9. Zwift: Ride and Run

Want to run through the jungle? Or ride through central London? With Zwift you can run or cycle through a range of immersive virtual worlds from the comfort of your own home. Zwift says it blends the fun of playing a video game with the intensity of serious training. To use the app, you’ll need to have a treadmill and foot pod for running, or a bike and bike trainer for riding.

Features and benefits

  • Over 1,000 workouts and training plans
  • Participate in group rides, runs, workouts or races
  • 10 virtual worlds with over 100 routes

How much does it cost?

Zwift can be downloaded on the Apple and Google Play stores. It currently offers a free seven-day trial. After that, membership is $21.99 per month.

10. Tammy Fit

Created by influencer Tammy Hembrow, Tammy Fit says it will give you exactly what you need to work out and eat like Tammy. The app offers a range of eight-week programs, including gym booty, post-pregnancy full body and home-based full body programs.
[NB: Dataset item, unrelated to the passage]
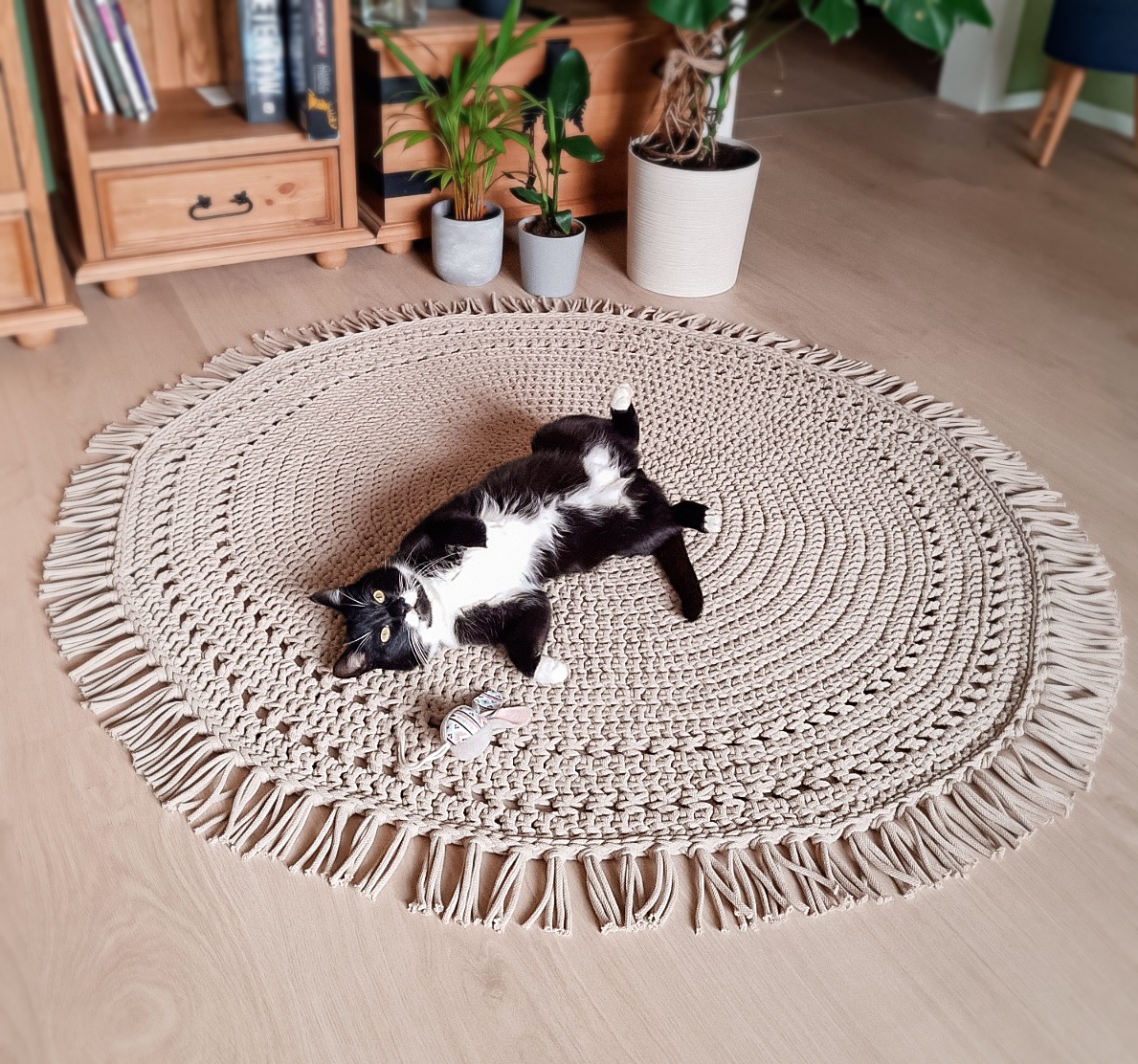 Dywan z miękkiego, bawełnianego sznurka to świetny dodatek dla tych, którym bliski jest królujący obecnie we wnętrzach styl boho i skandi. Nadaje ciepłego klimatu pomieszczeniu, aż trudno będzie oprzeć się chęci, aby usiąść na nim na chwilę z kubkiem herbaty i dobrą książką.

The app also features eight-week meal plans designed by nutritionists.

Features and benefits

  • Workout programs and individual workouts
  • Meal plans
  • Tools to track your progress, such as a weight tracker, daily water tracker and selfie diary

How much does it cost?

Tammy Fit can be downloaded on the App and Google Play stores. It currently comes with a free seven-day trial. After that, subscriptions are $19.99/month, $49.99/quarter or $99.99/annually.

Please note that this is just a selection of some of the apps available. There are other workout apps out there and we’re not making a recommendation about any of these platforms. It’s important to do your own research before deciding if any of these kinds of apps are suitable for you. Prices and other details described are based on information sourced via the app providers at the time of writing.

What does a personal trainer think about fitness apps?

With so many apps available, getting fit might seem as easy as clicking a button, but is it a stretch to think they are the solution to our workout woes?

Personal trainer and nutrition consultant, Tess Alexander, who is also a former Miss World Australia, said the apps can be very helpful, but warned users to first develop a sound foundation in safe movement.

“Form is so important, as we need to protect people from injury,” she said.

“You need to make sure you’re using and activating the right muscle groups, which isn’t necessarily something you can achieve via an app.

“I think that having a fitness app can be great once you’ve got a level of fitness and the right understanding when it comes to activating the right muscles.”

It has also been reported recently that some fitness tracking services may intensify problematic behaviours in vulnerable users, with the Butterfly Foundation, an organisation supporting people with eating disorders, warning that fitness trackers can be problematic in some cases.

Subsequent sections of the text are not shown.